P02: RMSD Calculator¶

Root Mean Square Deviation (RMSD) is a commonly used measure to compare protein structures. It quantifies the average distance between atoms of superimposed proteins. This metric is crucial in various applications, such as assessing the quality of predicted protein structures or analyzing conformational changes.

Your task is to write a program that calculates the RMSD between two protein structures. The program should:

Take two PDB files as input. These could represent the same protein in different states (e.g., experimental vs. predicted structures).
Align the structures (you may assume they are already roughly aligned).
Calculate the RMSD between corresponding atoms.

To calculate RMSD, you'll need to:

Extract the 3D coordinates of corresponding atoms from both structures.
Calculate the squared differences between these coordinates.
Take the average of these squared differences.
Take the square root of this average.

You may want to focus on comparing only the backbone atoms (N, Cα, C) or all heavy atoms.
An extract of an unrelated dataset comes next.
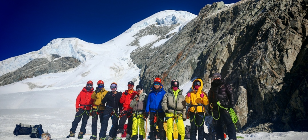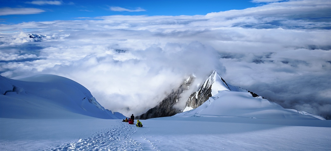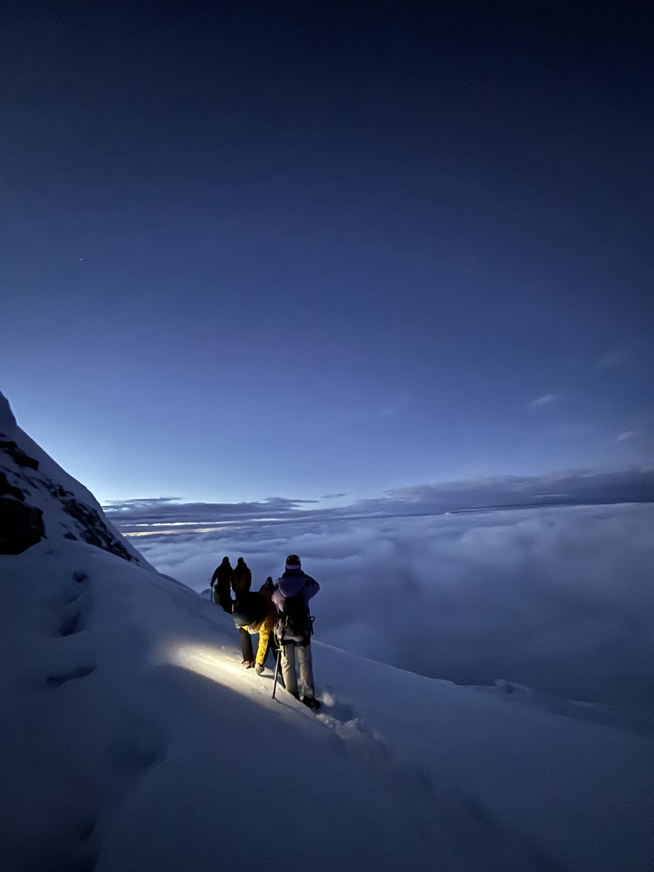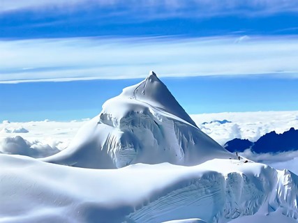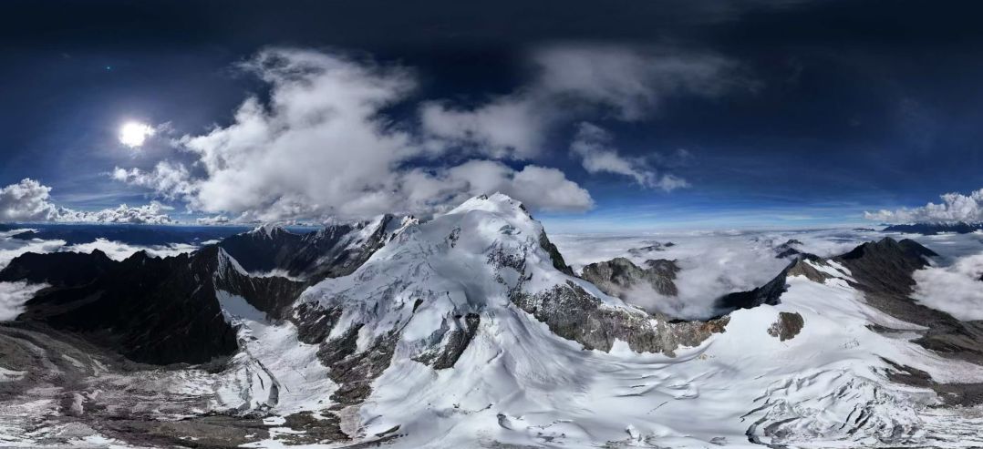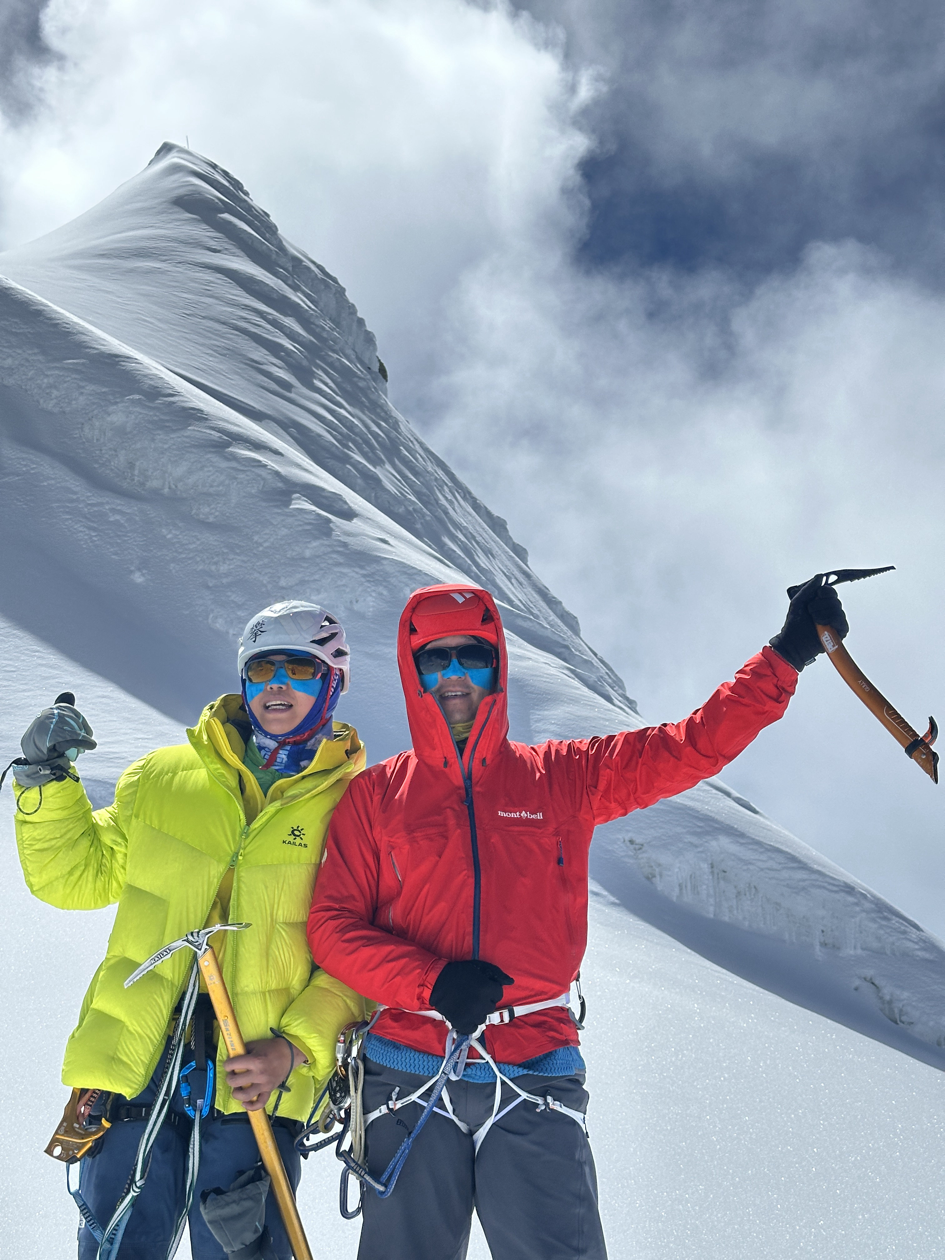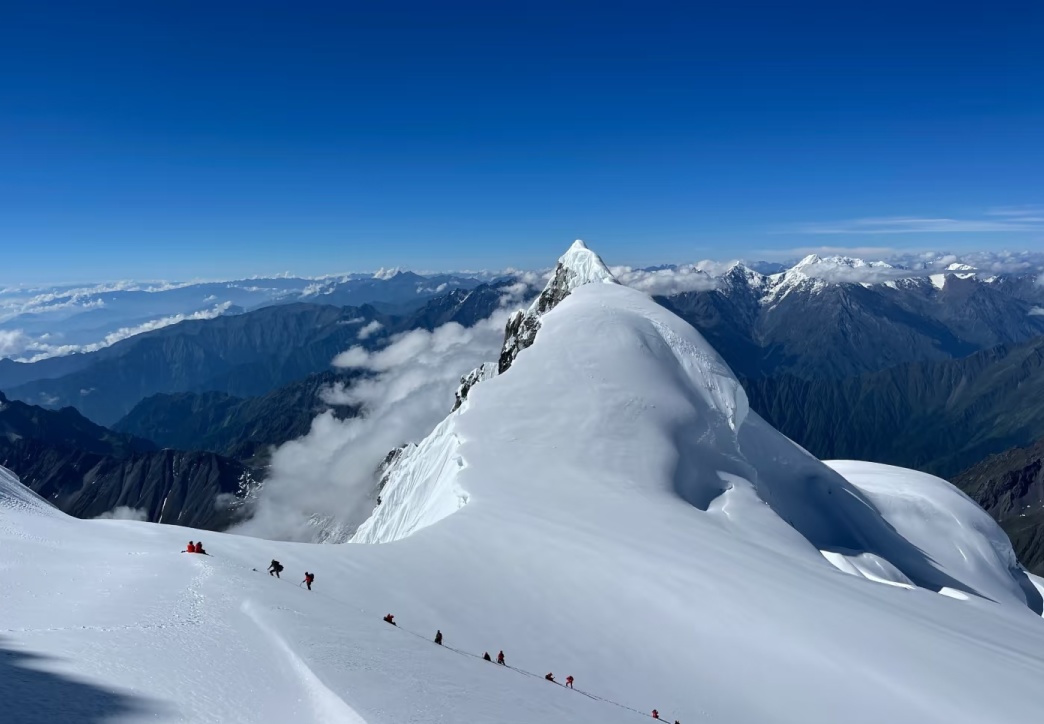 凌晨3点左右起床吃早餐后开始冲顶,全程主要为技术路段,路段以冰裂缝、冰壁和冰坡为主。最后需翻越两个冰壁,随后登顶6410米的峰顶。成功登顶之后下撤至C1营地。

Be sure to specify in your output which atoms you're using for the comparison.

Consider using libraries like NumPy to handle the 3D coordinate data and perform calculations efficiently.

P03: Secondary Structure Predictor¶

Predicting protein secondary structure from amino acid sequence is a fundamental problem in bioinformatics. While modern methods use sophisticated machine learning techniques, simpler algorithms can still provide insights into the relationship between sequence and structure.

Your task is to implement a basic secondary structure prediction algorithm, such as the Chou-Fasman method. This algorithm assigns propensities for each amino acid to be in an alpha helix, beta sheet, or random coil, then uses these propensities to predict the most likely secondary structure for each residue.

Your program should:

Take a protein sequence as input (a string of one-letter amino acid codes).
Implement the Chou-Fasman algorithm or another simple prediction method.
Output the predicted secondary structure for each residue (e.g., H for helix, E for sheet, C for coil).

To implement the Chou-Fasman method:

Use a table of propensity values for each amino acid. You can find more information in the following papers: (Jiang et al., 1998 ; Chen et al., 2006)
Scan the sequence to find regions with high propensities for helices or sheets.
Apply rules for extending and terminating these structures.
Assign remaining regions as coils.

Remember, this is a simplified method and won't be as accurate as modern predictors, but it will give you insight into the principles of sequence-based structure prediction.

P04: Solvent-Accessible Surface Area Calculator¶

Solvent-Accessible Surface Area (SASA) is an important property in protein structure analysis. It represents the surface area of a protein that is accessible to a solvent molecule (typically water) and can provide insights into protein-protein interactions, ligand binding sites, and more.

Your task is to write a program that calculates the SASA for each residue in a protein structure. The program should:

Take a PDB file as input.
Calculate the SASA for each residue.
Output the SASA values in a clear, readable format.

To calculate SASA, you can:

Use the Biopython library, which provides SASA calculation functionality.
Use an external tool like FreeSASA, which you can call from your Python script.
Implement a simple SASA algorithm yourself (this is more challenging and less accurate, but educational).

If using Biopython or FreeSASA:

Read the documentation to understand how to use the SASA calculation functions.
Ensure you understand the units of the output (typically Å²) and any parameters you need to set (like probe radius).

If implementing your own algorithm:

Represent the protein as a set of spheres (atoms).
Use a probe sphere to "roll" over the surface of these spheres.
Calculate the area accessible to the probe.

Your output should list each residue along with its calculated SASA. Consider also providing summary statistics, like average SASA per residue type or total protein SASA.